1. A method for producing complexes between an antigen peptide and a major histocompatibility complex (MHC), comprising:

(a) providing an Escherichia coli cell under conditions suitable for expression, wherein the E. coli cell comprises one or more sequences encoding a MHC, one or more sequences encoding one or more heterologous oxidation enzymes, and a sequence encoding an antigen peptide; and
(b) isolating complexes between the antigen peptide and MHC (pMHC) from the E. coli cell.

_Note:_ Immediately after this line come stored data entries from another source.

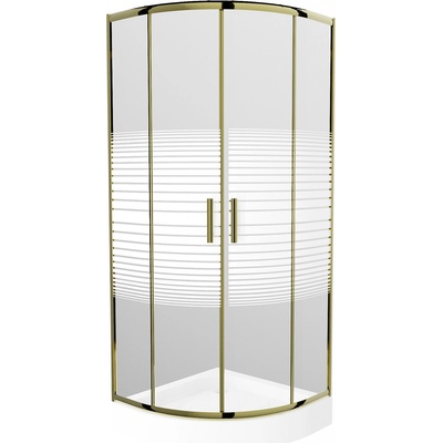 Technické údaje sprchového koutu: Rozměr: 90x90 cm Výška: 190 cm Poloměr zakřivení R55 Montáž: Univerzální Vstup: Posuvné dveře Barva skla: Bílé pruhy Povrchová úprava: Zlatá...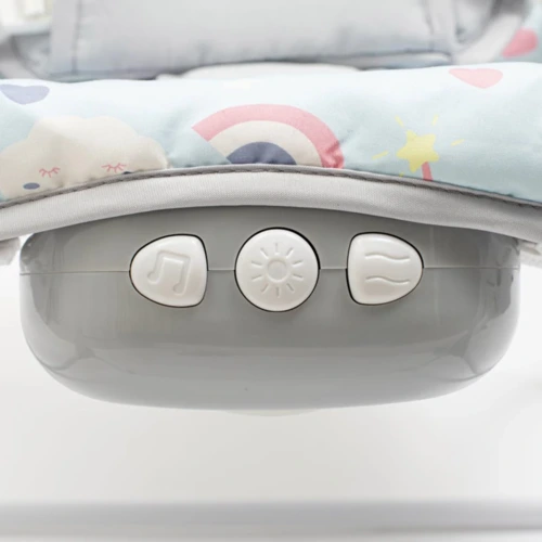 Zenélő, világító, rezgő hintáztatható pihenőszék. Levehető kar, 3 játékkal felszerelve. A pihenőszék két féle pozícióba és rögzítet helyzetbe állítható, amely mind etetőszék használható. A borítás összetétele: 100% pamut. Teherbírás: 9 kg (hinta), 18 kg (ülőke). 3 1,5V AAA elemekre mûködik. A csomagolás nem tartalmazza az elemeket.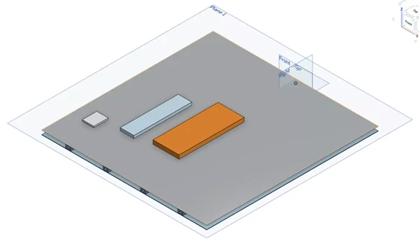 欧州宇宙機関(ESA)は、数値シミュレーションに ESATAN-TMS を使用しました。これはESAが開発し利用している熱モデリング用シミュレーションソフトウェアです。 この熱シミュレーションでは、パネル上面のボックスは衛星ミッションで使用される電子モジュール部品を表しています。各ボックスは、与えられた熱流束に従って発熱し、その熱は配管内の熱伝導を通じて全体へと散逸していきます。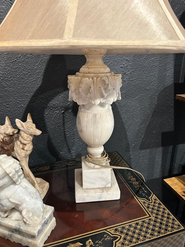 This pristine alabaster lamp is an absolute gem—the carved ‘elephant face’ detailing adds such a unique, sculptural touch. It’s the kind of piece that feels both refined and effortlessly distinctive, perfect for a collected, well-styled space.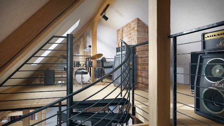Conçu par les studios CGForge, ce décor a de quoi surprendre. Ici, les bois ont été conservés dans leur état le plus brut ou ont été traités avec des couleurs claires afin d’être vus et d’être presque en opposition avec le reste des éléments. Grâce eux, ce grand espace ouvert est harmonisé et lumineux.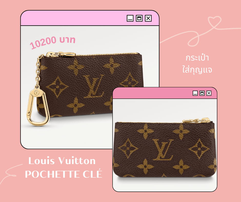กระเป๋าใส่กุญแจสารพัดประโยชน์ จากแบรนด์ Louis Vuitton ตัวกระเป๋าทำจากแคนวาสลาย Monogram iconic จากหลุย ด้วยขนาดกระเป๋าที่เล็ก คุณผู้หญิงสามารถที่จะพกไปได้ทุกที่ และตัวกระเป๋ายังมาพร้อมกับห่วงคล้อง ที่สามารถนำไปคล้องกับกระเป๋าใบอื่นๆได้อีกด้วย ตัวกระเป๋าเองก็มีขนาดที่เหมาะสมกับการใส่กุญแจ เหรียญ หรือธนบัตรแบบพับก็ย่อมได้ ราคาค่าตัวน้องอยู่ที่ประมาน 10,200 บาท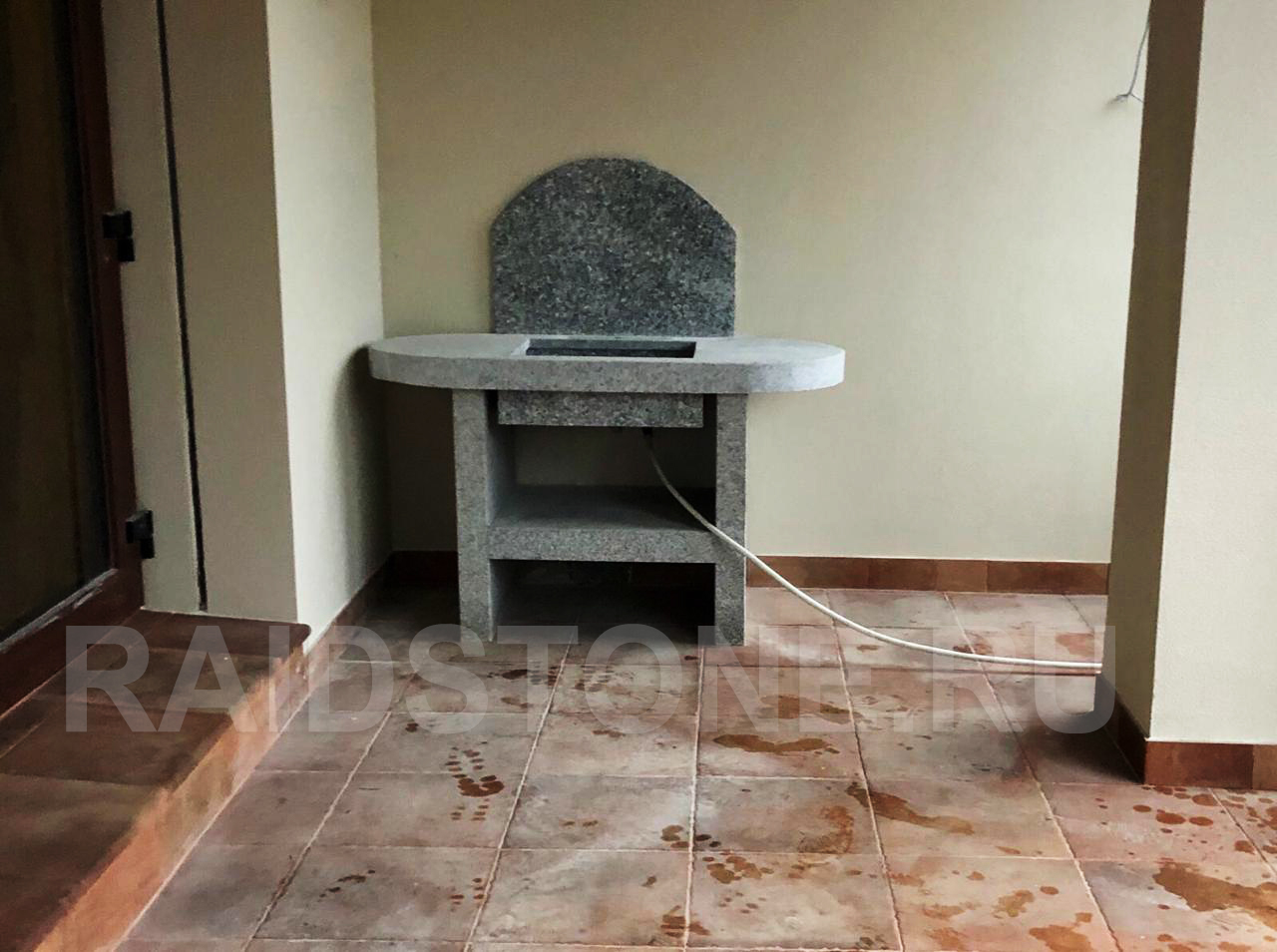 Тумба с раковиной и фартуком из гранита для зоны барбекю
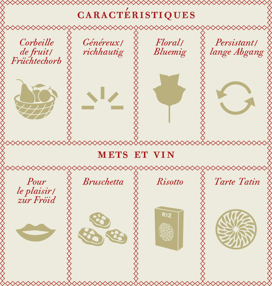 Plus subtile, la touche « Pinot Blanc » se distingue par une nuance de mélisse et l’intense vitalité au palais.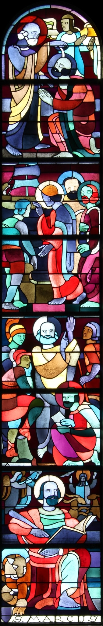 Ce vitrail se compose de quatre scènes relatant différents épisodes de la vie de saint Marc, avec, de haut en bas :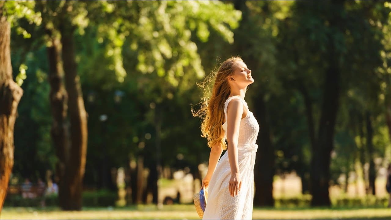 Красота человека. Девушка, гуляющая по богатому зеленью и плодами лесу или по солнечному летнему парку дарит радость и эстетическое наслаждение. Красивая внешность подчеркивает здоровье и благополучие героини изображения.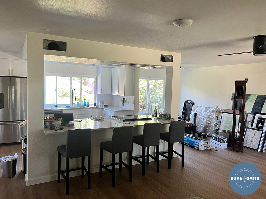 Removed a bulky bearing wall in Poway and replaced it with a flush-mounted ceiling beam—creating a clean, open transition between kitchen and living space.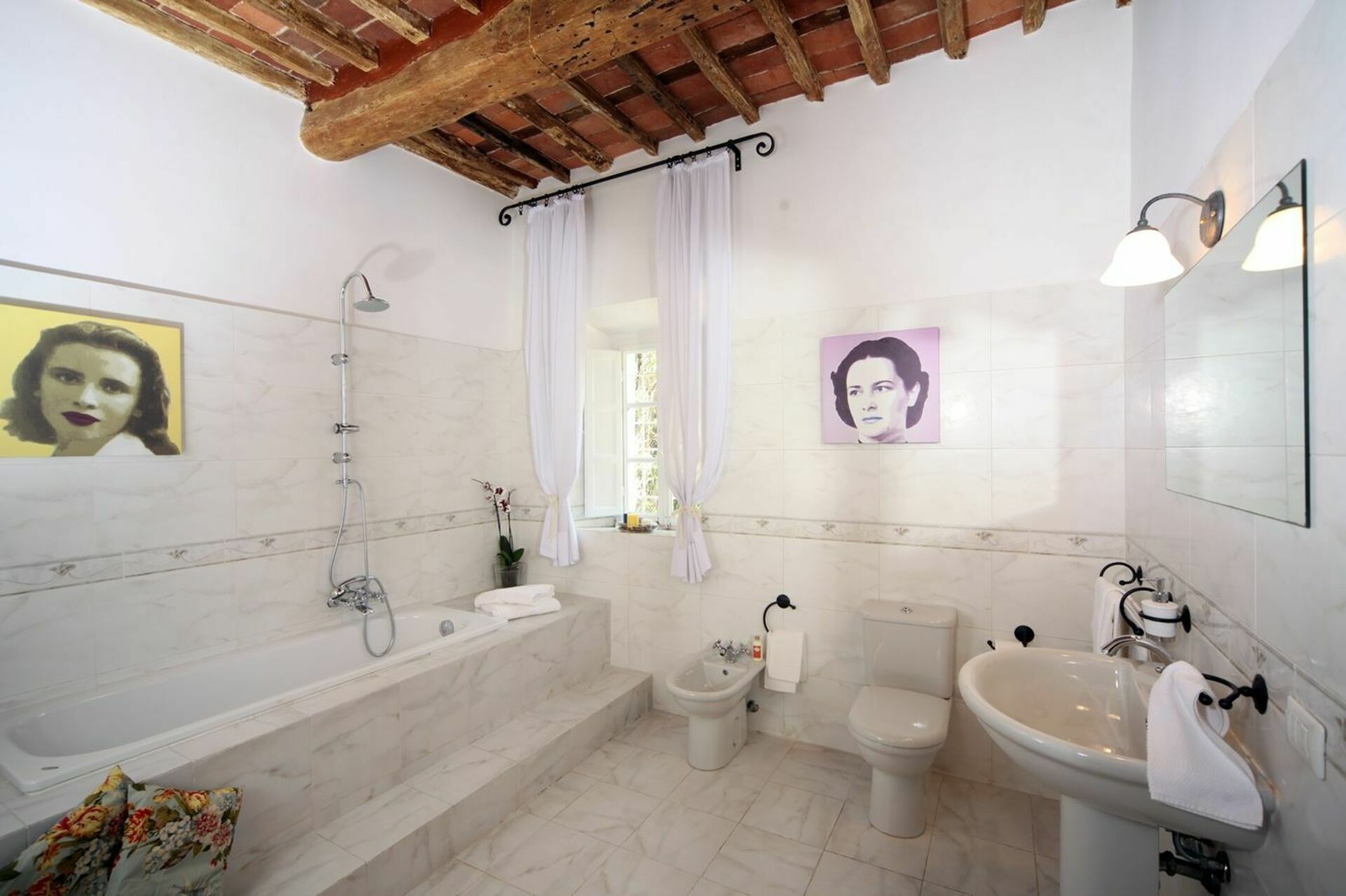 • Anna Suite met een tweepersoonsbed en een eenpersoonsbed, een badkamer met bad en kleedkamer.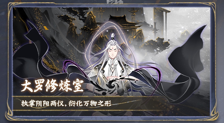 大罗修炼室同步开放,修士跻身大罗后,窥得混沌玄机,执掌阴阳两仪,一呼一吸间,黑白二气携万千星辰徐徐翻转,身后阴阳二气随境界提升显化不同形态,前期化为险峻山岳,中期汇聚于群山之中,后期凝为鎏金仙宫。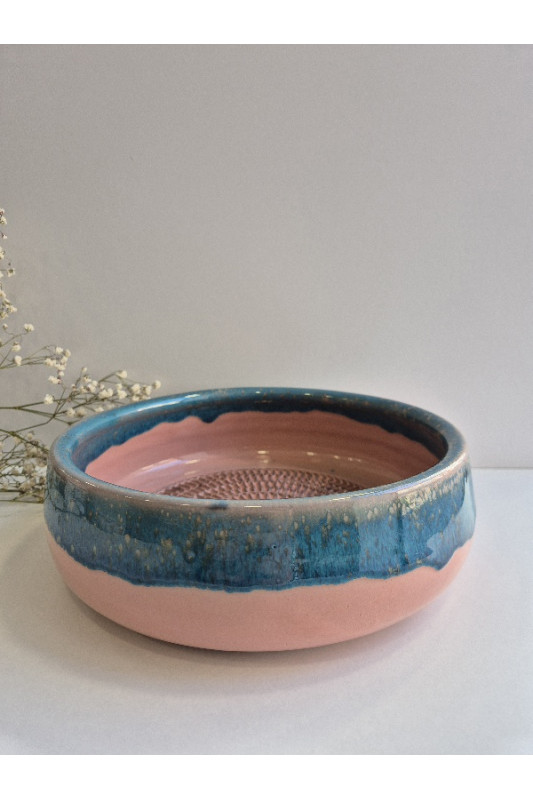 Miska z tarką "Róż z turkusem''. Ręcznie robiona ceramika z Krety, 5014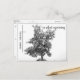 This memorial card has a dark modern and elegant design with a white border around the front and back. In silent mourning - tree on a meadow.

2. The method of claim 1, wherein the one or more sequences encoding a MHC comprise:

a sequence encoding human leukocyte antigen (HLA) that is at least 70% identical to or is 100% identical to NCBI Reference Sequence: NM_002116.8; Gene ID: 3105; and/or
a sequence encoding beta-2-microglobulin (B2M) that is at least 70% identical to or is 100% identical to NCBI Reference Sequence: NM_004048.4; Gene ID: 567.

3. The method of claim 1 or claim 2, wherein the one or more sequences encoding one or more heterologous oxidation enzymes comprise a sequence encoding mitochondrial flavin adenine dinucleotide (FAD)-linked sulfhydryl oxidase (Erv1) and/or a sequence encoding protein disulfide isomerase (PDI).

4. The method of claim 3, wherein the sequence encoding Erv1 is derived from Saccharomyces cerevisiae; and

wherein the sequence encoding Erv1 is at least 70% identical to or is 100% identical to NCBI Reference Sequence: NM_001181158.3; Gene ID: 852916.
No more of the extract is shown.